The main reason Henry III expanded the scope of the Assizes of Arms was the need to increase the pool of competent men available to recruit English armies from. With the loss of many of the his European lands, and resulting loss of both revenue and manpower, Henry and his advisers were left in a weak position in comparison with the king of France. So they had to look more closely at the potential military resources available in England. This led them to begin to include the English tradition of archery and so undo Henry II’s omission, after he had left archery out of his English Assize of Arms in 1181. They might well have remembered the ‘foundation myth’ of the Norman and Plantagenet kings of England, that an archer struck the fatal blow at the Battle of Hastings, they may have recalled the effectiveness of archery in Henry I’s and Stephen’s reigns as well as that of the Welsh archers. So they probably felt that the inclusion of military archery would help to balance the relative lack of mailed horsemen. The staged inclusion of archery in the Assizes of Arms may show that the royal administration didn’t realise initially the potential of the English tradition of archery to provide fighting men, and in particular were ignorant of the amount of archery practised by the peasantry, both free and unfree. Although there is very little evidence of archery as a sport in the eleventh to thirteenth centuries, what little there is shows that members of the population at large enjoyed archery. While they were nowhere near as widespread and numerous as was the case in the late fourteenth, fifteenth and early sixteenth centuries, they showed that popular archery existed. Whatever their motives, Henry III and his advisers could hardly have foreseen the fearsome power that the archers of England and Wales would bring to European battlefields in the fourteenth and fifteenth centuries.
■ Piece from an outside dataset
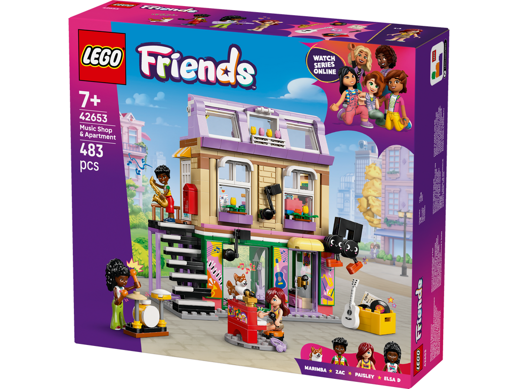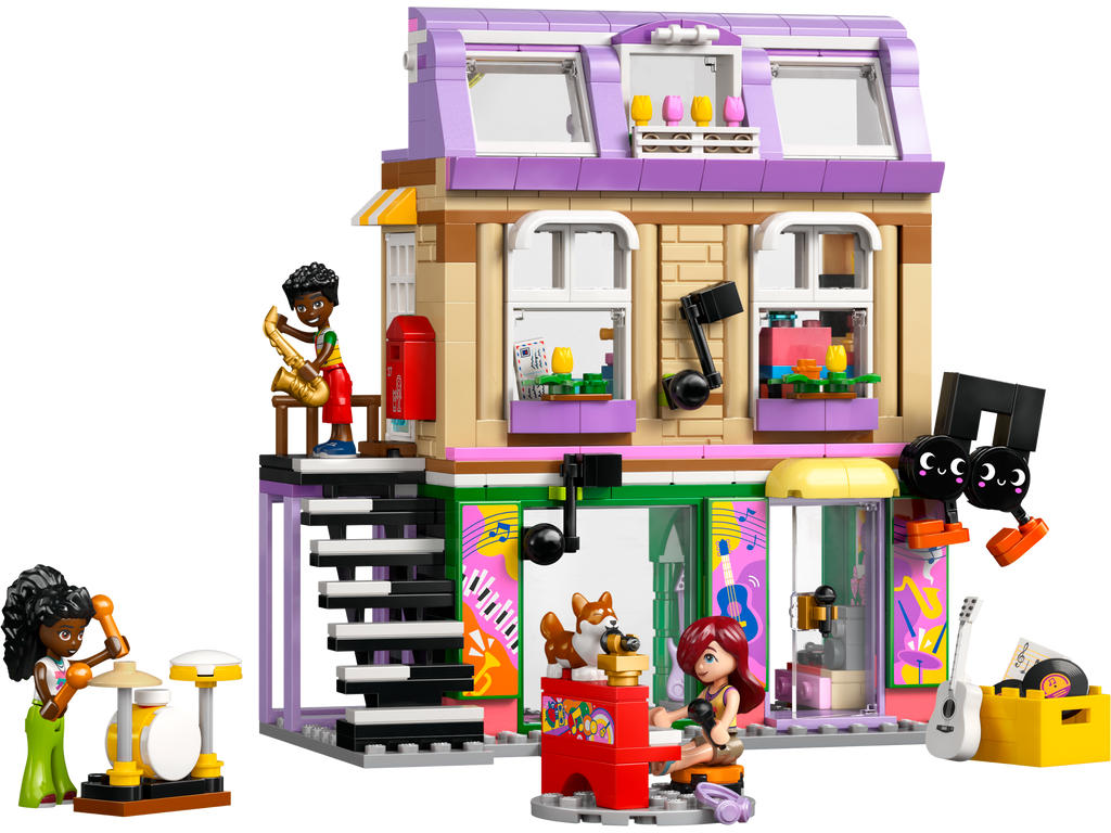 • 3 LEGO® Friends characters and corgi figure – This set is packed with personality and comes with Paisley, Zac and Elsa D minidolls, a corgi figure, musical note mascot, piano-key staircase and more
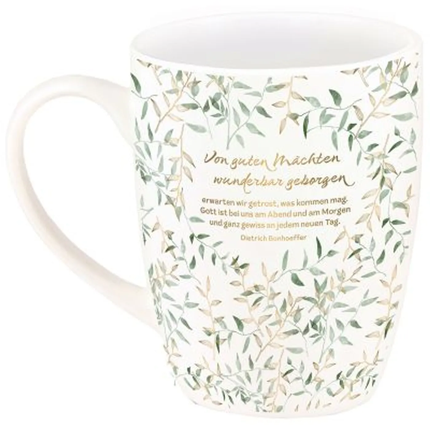 Die Tasse sieht nicht so aus wie auf dem Bild oder auf der Verpackung der Tasse. Der Aufdruck auf der Tasse wirkt minderwertig. Die Farben sind nicht ansatzweise so wie auf den Bildern. Das grün ist in ein quietschiges türkis. Die vermeintlich goldene Schrift ist eher Silber. Eine (kostenlose) retoure ist leider auch nicht möglich.

But one question remains: why did the Henry III and Edward I encourage military archery through their Assizes of Arms and the Statute of Westminster in the thirteenth century? Contemporary experiences of powerful infantry in North Wales, Scotland and Continental Europe all demonstrated the effectiveness of steady bodies of pike armed infantry. They could resist and even defeat mailed cavalry, the ‘battlefield kings’ of the time. Infantry armed with close-quarters weapons such as swords axes and shields found bodies of pike-armed men very difficult to defeat. Perhaps more importantly, steady pike-armed infantry could be raised and trained much more quickly than effective military archers regardless of whether the archers were using, shorter bows, longbows or crossbows. So why didn’t the English kings and their military advisors take the easier and more widely followed path and develop pike armed infantry? It was a sort of medieval military ‘scissors, paper, stone’. Good numbers of archers could negate pike-armed infantry and menace the horses at least of mailed cavalry. Pike-armed infantry could negate mailed horse but not archers. Infantry armed with close quarters weapons were not decisive forces in armies of the period because they were vulnerable to both mailed horse and archers. Mailed horse could negate unprotected archers (as the Scots managed at Bannockburn) and disordered pike-armed infantry. If the archers were protected by either infantry, including dismounted knights as at the Battle of the Standard or by mounted knights as at Falkirk they could to all intents and purposes win the battle. In addition to these abilities, archers were very useful as garrison troops, and light infantry for foraging and harassing the enemy. Looked at in these terms the real question becomes why was it only among the English and Welsh (and some English ruled lands like Gascony) that large numbers of men developed the ability to use increasingly heavy hand bows in war? This is particularly surprising since Henry II’s Assize of Arms issued in Le Mans in 1180 allowed those men belonging to the lowest income group included the option of having bows and arrows. It is believed that the robust tradition of popular archery in England and Wales is part of the explanation.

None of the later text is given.